Third, because you want to be portable to Windows, where you have no choice about whether paths are str or bytes.
These reasons probably don't apply to you with much strength, but the question is how typical you are, vs. the nearly universal experience of mojibake and the dominant market share of Windows.
Python is a glue language, and Python practitioners don't always have the luxury of working only with text.
For paths? Of course you can work with them as text. ISTM what you really want is the luxury of working only with bytes, because you're in the habit of pretending they are text. I don't object to you having your luxury as long as it doesn't increase risk for my use cases. I think you're asking for trouble, and the practice is definitely nonportable, but consenting adults applies.
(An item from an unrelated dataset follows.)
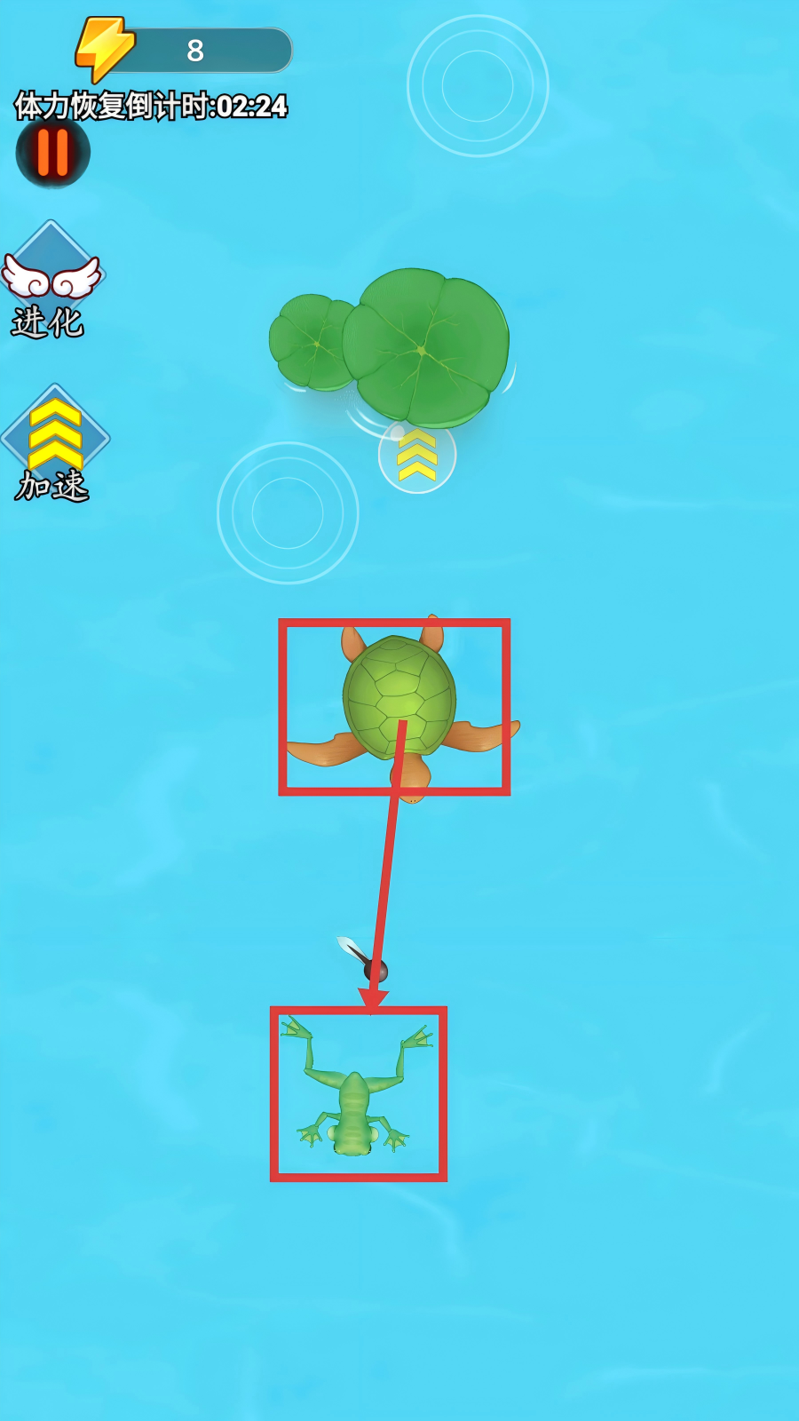 2、在水域场景中,操控乌龟等初始生物,优先吞噬青蛙等更小的生物,积累进化基础。

However, the proposed polymorphism does create ambiguity and risk for my uses. I rarely have the luxury of not ensuring paths are text, regardless of the bytes-ness of the underlying application, because I can be pretty darn sure that somebody's going to feed me non- filesystem encodings, and soon. Even when I am working with bytes representing paths in the filesystem encoding, I need to convert to text to read the darn things when debugging! So I don't consent; you'll have to impose it on me.